Blocking a Bridge, Building a Movement
The recent history of the Boardman River is another apt illustration of the trend. As far back as the 1980s, the very same stretch of the river that the eagles now cruise was viewed as a prime crossing spot for a five-lane highway and bridge. In the 1990s, the public forests upstream were targeted variously for public land sales, energy development, and increased timber cutting. At one point in the 1990s the Legislature and the governor seriously considered eliminating the 1970 state law that kept the Boardman River natural.  

Regional citizen organizations stepped to the fore to beat back each and every one of these ideas. But we didn’t just assert that environmental values were at stake: Important economic ones were, too. The design for the highway and bridge, for example, called for building a wall of dirt as tall as a forest across the entire valley. It would have displaced wildlife, ruined stream flow and wetlands, compromised human recreation, made sprawl and traffic worse, disturbed the quiet with traffic noise, and eroded the region’s competitive economic advantage.
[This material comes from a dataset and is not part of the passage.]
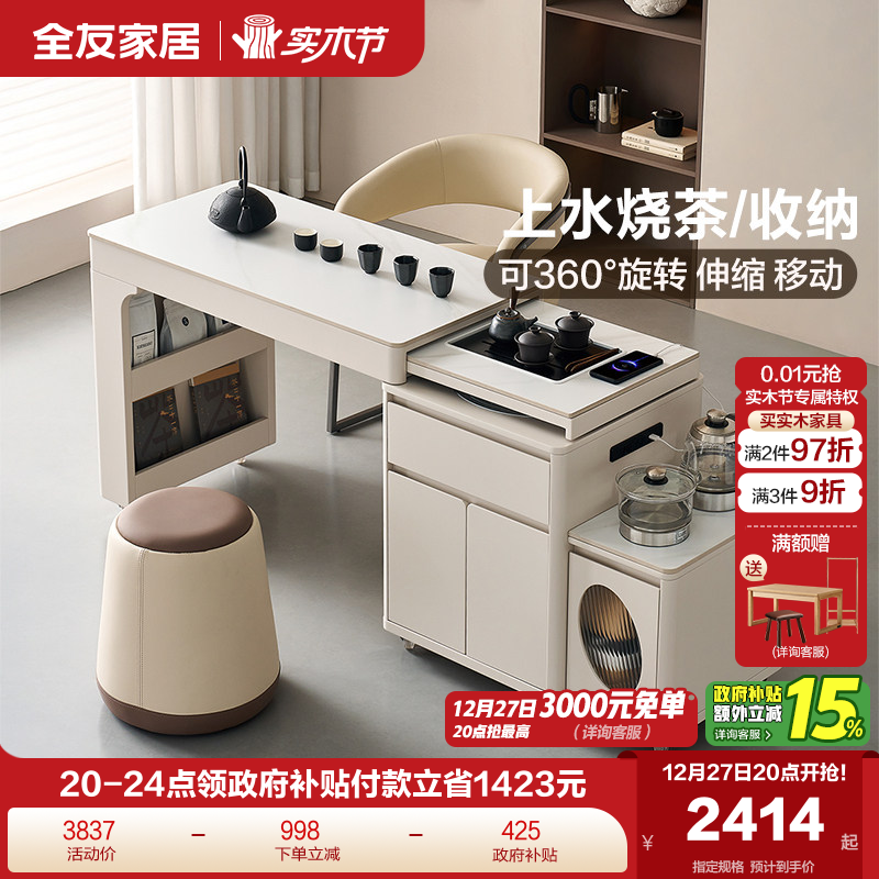 全友家居2025新款现代简约客厅可移动伸缩多功能长方形岩板茶几桌
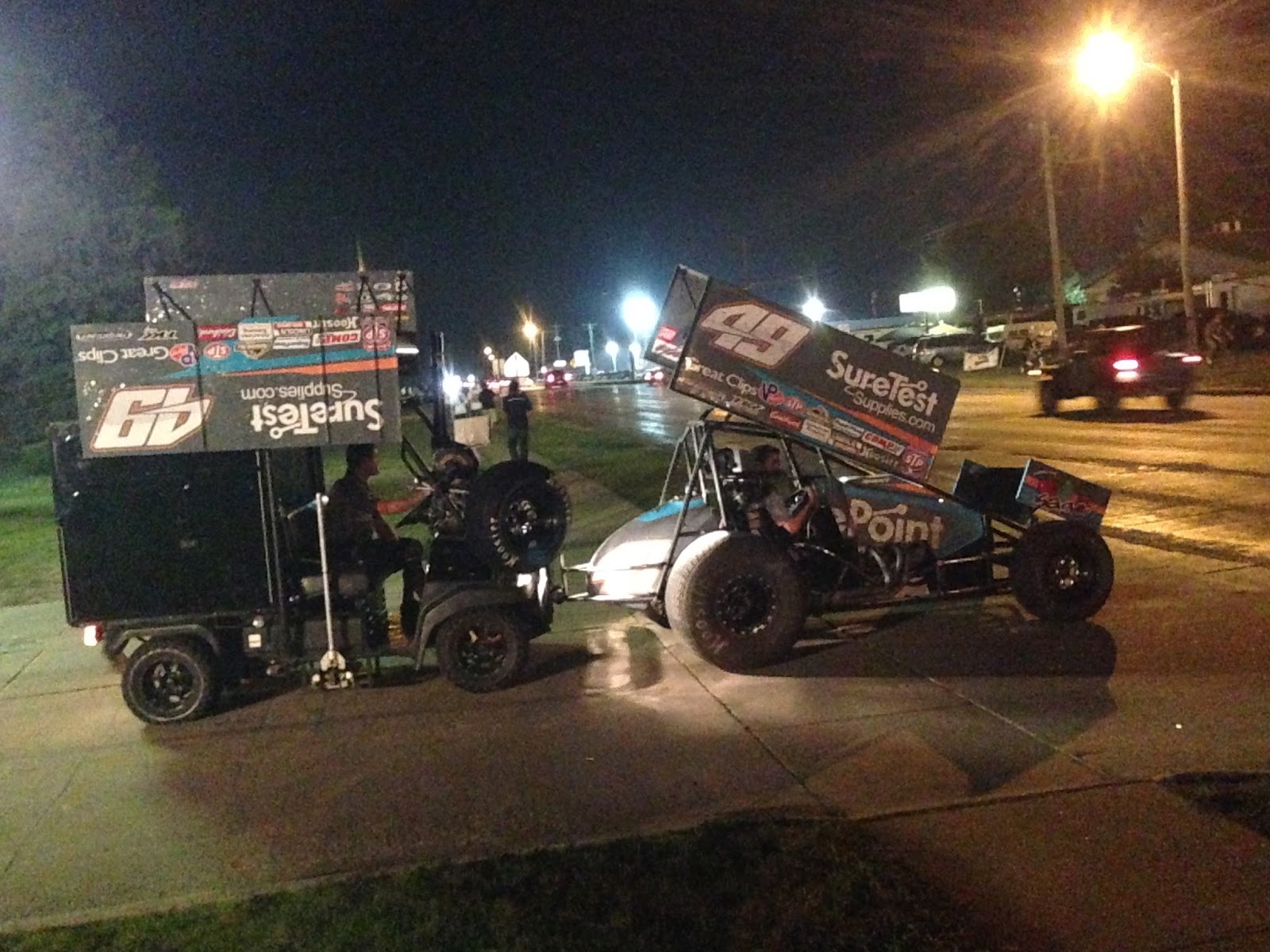 | Brad Sweet and his KKR Team wait for traffic to clear, so they can push his Sprint Car across the city street |

But the really exciting part of the Boardman’s story is what’s coming. All sorts of unlikely allies—greens and business leaders, liberals and conservatives, county and township government leaders—have been working shoulder to shoulder for nearly two years on a new regional development strategy that responds to swift growth without wrecking this favorite place.  

Northwest Michigan’s embrace of a cleaner, greener, and more prosperous way of life is unmistakable. It’s taken awhile, but we’ve finally come to understand that securing our natural geography comes first.